# 41 mag loads



## b0b676-48

anyone shooting a 41 mag. I shoot a freedom arms model 97 in 41 mag, I'm shooting remington 200 gr. jhp bullets with 21 grs. of 296, using cci 350 mag primers, remington brass, its a accurate load in my gun, also shoot meister 215 gr swc bullets in this gun, who's also loading for this caliber?


----------



## JMD

I have been reloading for a Ruger Blackhawk .41 Magnum for a number of years. I use the same charge weight of W-296 that you are using, behind 200-gr.JSWC-HP (Speer #4405) bullets and CCI 350 primers. This became my standard load with this weight projectile, after Winchester discontinued W-630. 

The .41 Magnum is one of the least finicky handgun cartridges to load in my opinion. It seems to deliver good accuracy, regardless of the weight or brand of bullet, the brand of powder being used, and the charge weight (within reason).

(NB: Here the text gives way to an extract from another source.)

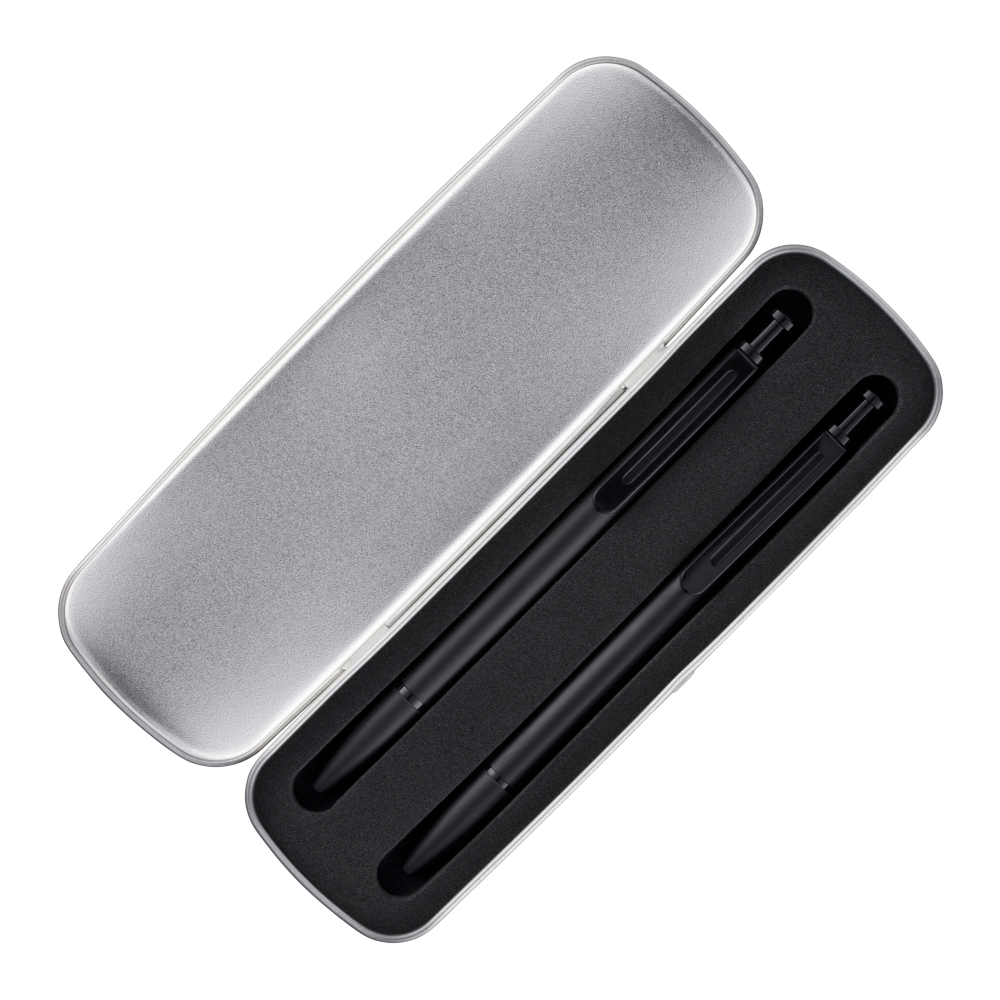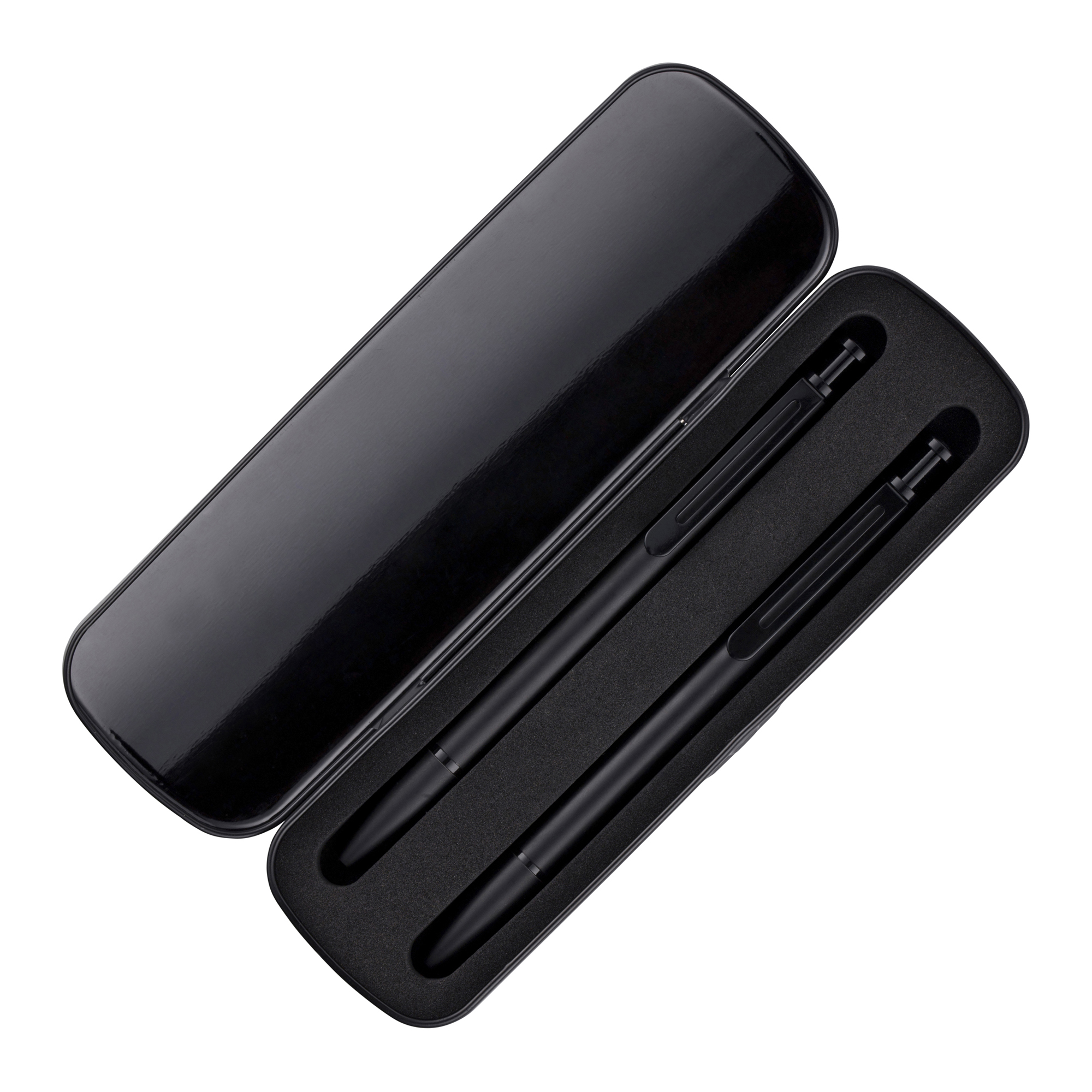 A pen set that oozes modernity with a Hurst ball pen and 0.7mm pencil (available in black or white), supplied in a shapely metal box. The box is available in silver or black. Prices are based on both writing instruments being personalised with the same design/colour.

I’ve never used the Meister bullets that you mentioned, but I have loaded 210-gr to 220-gr cast bullets for this cartridge. For a general purpose load I tend to use Unique and for heavier loads I most often use Alliant 2400. Evan though I stay within the parameters of published loadings; I don’t like specifying data on a public forum.


----------



## b0b676-48

I also use unique with the swc bullets, ita accurate enough but is dirty, I'm going to try 2400, its cleaner burning, what velosity are you getting with the jhp bullets?


----------



## JMD

I’m getting 1347 fps.


----------